### Instructions to follow
The copy should run from the line containing "Material: Body of" through the last line of the entries below, exactly as written, with pictures omitted.

[Extracted data entries]

:::

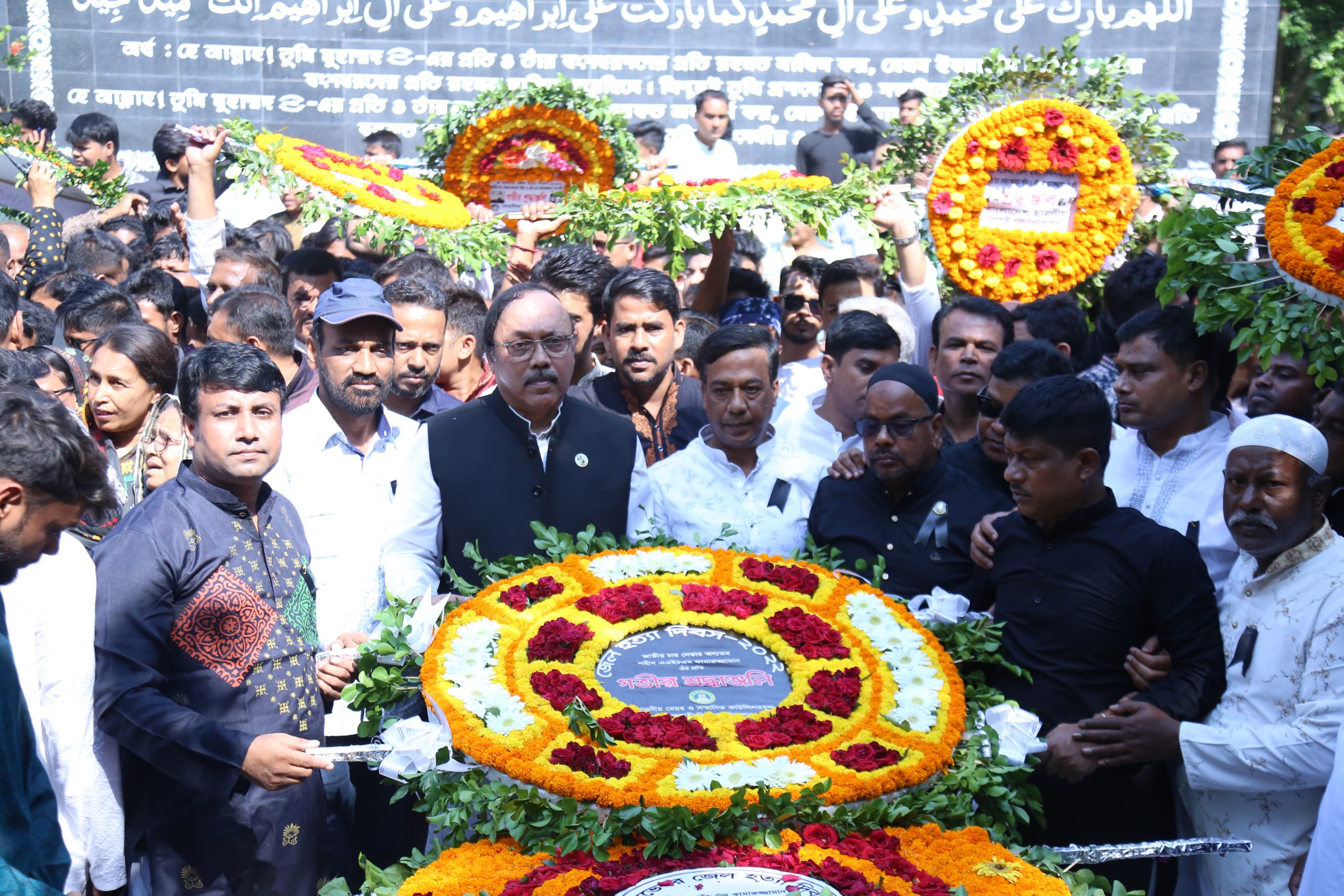 রাজশাহী সিটি কর্পোরেশনের উদ্যোগে যথাযথ মর্যাদায় জেল হত্যা দিবস-২০২২ পালন করা হয়েছে। দিবসটি উপলক্ষ্যে আজ বৃহস্পতিবার সকালে নগর ভবনে নগর ভবন চত্বরে জাতির পিতা বঙ্গবন্ধু শেখ মুজিবুর রহমানের প্রতিকৃতিতে পুস্পস্তবক অর্পণ করেন বাংলাদেশ আওয়ামী লীগের সভাপতিমÐলীর সদস্য ও রাজশাহী সিটি কর্পোরেশনের মাননীয় মেয়র এ.এইচ.এম খায়রুজ্জামান লিটন। এরপর কাদিরগঞ্জে জাতীয় চার নেতার অন্যতম শহীদ এএইচএম কামারুজ্জামানের সমাধিতে পুষ্পস্তবক অর্পণের মাধ্যমে শ্রদ্ধা নিবেদন করেন রাসিক মেয়র, কাউন্সিলর, কর্মকর্তা-কর্মচারীবৃন্দ। শ্রদ্ধাঞ্জলি জ্ঞাপন শেষে দোয়া ও মোনাজাত করা হয়। দোয়া পরিচালনা করেন নগর ভবন মসজিদের পেশ ইমাম হাফেজ মোঃ আবুল খায়ের।
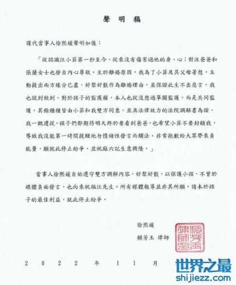 声明简洁明了,说跟汪小菲好聚好散,尊重前婆婆公公,并且自己从未独占抚养权,你说明天要来台湾,欢迎,孩子们也很期待。
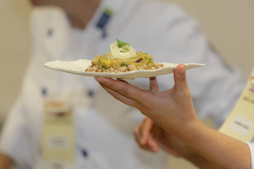 E para que ninguém fique com tanta água na boca, publico abaixo duas receitas dentre os tantos pratos elaborados pelos chefs nas aulas do Mesa ao Vivo Paraná. Uma de quem veio de fora. Trata-se do Cuscuz de siri, pinhão e palmito pupunha, que Janaína Rueda preparou no primeiro dia do evento. De fácil execução e de sabor marcante.
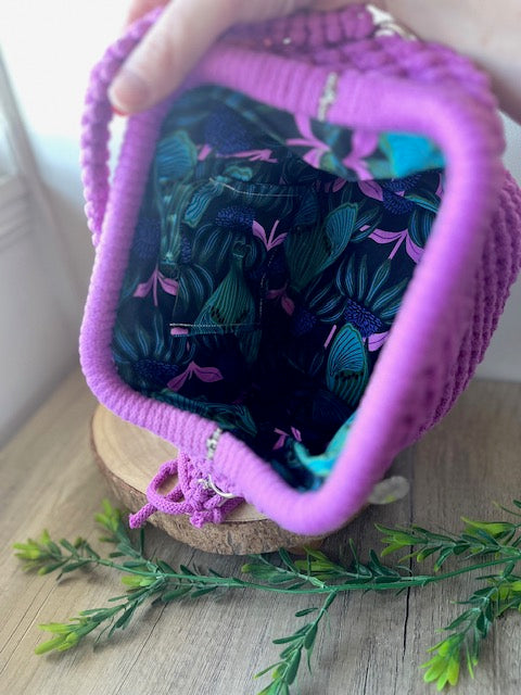 Material: Body of bag is made from regenerated cotton macrame braided rope – manufactured in Melbourne. Lining can be made from cotton or a cotton blend.
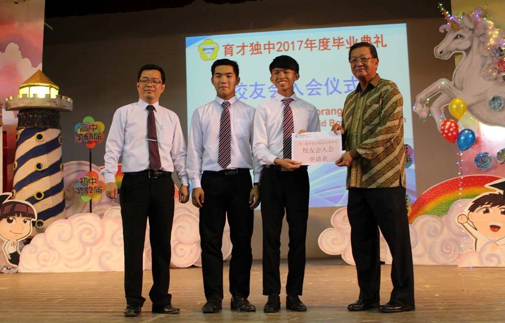 霹雳育才校友会理事长拿督吴国芳则勉励毕业生们要积极寻找心中的那一道彩虹,并把彩虹带回来母校,为母校争光。他说,毕业生们从今以后要踏入五花八门的社会,少不了会遇到风风雨雨,因此他劝勉毕业生们要勇敢坚强面对,因为除了母校以外,育才校友会也是一个强大的后盾,更是一个大家庭,能够和毕业生们一同面对风雨,度过难关。

:::

### Response
 Material: Body of bag is made from regenerated cotton macrame braided rope – manufactured in Melbourne. Lining can be made from cotton or a cotton blend.
 霹雳育才校友会理事长拿督吴国芳则勉励毕业生们要积极寻找心中的那一道彩虹,并把彩虹带回来母校,为母校争光。他说,毕业生们从今以后要踏入五花八门的社会,少不了会遇到风风雨雨,因此他劝勉毕业生们要勇敢坚强面对,因为除了母校以外,育才校友会也是一个强大的后盾,更是一个大家庭,能够和毕业生们一同面对风雨,度过难关。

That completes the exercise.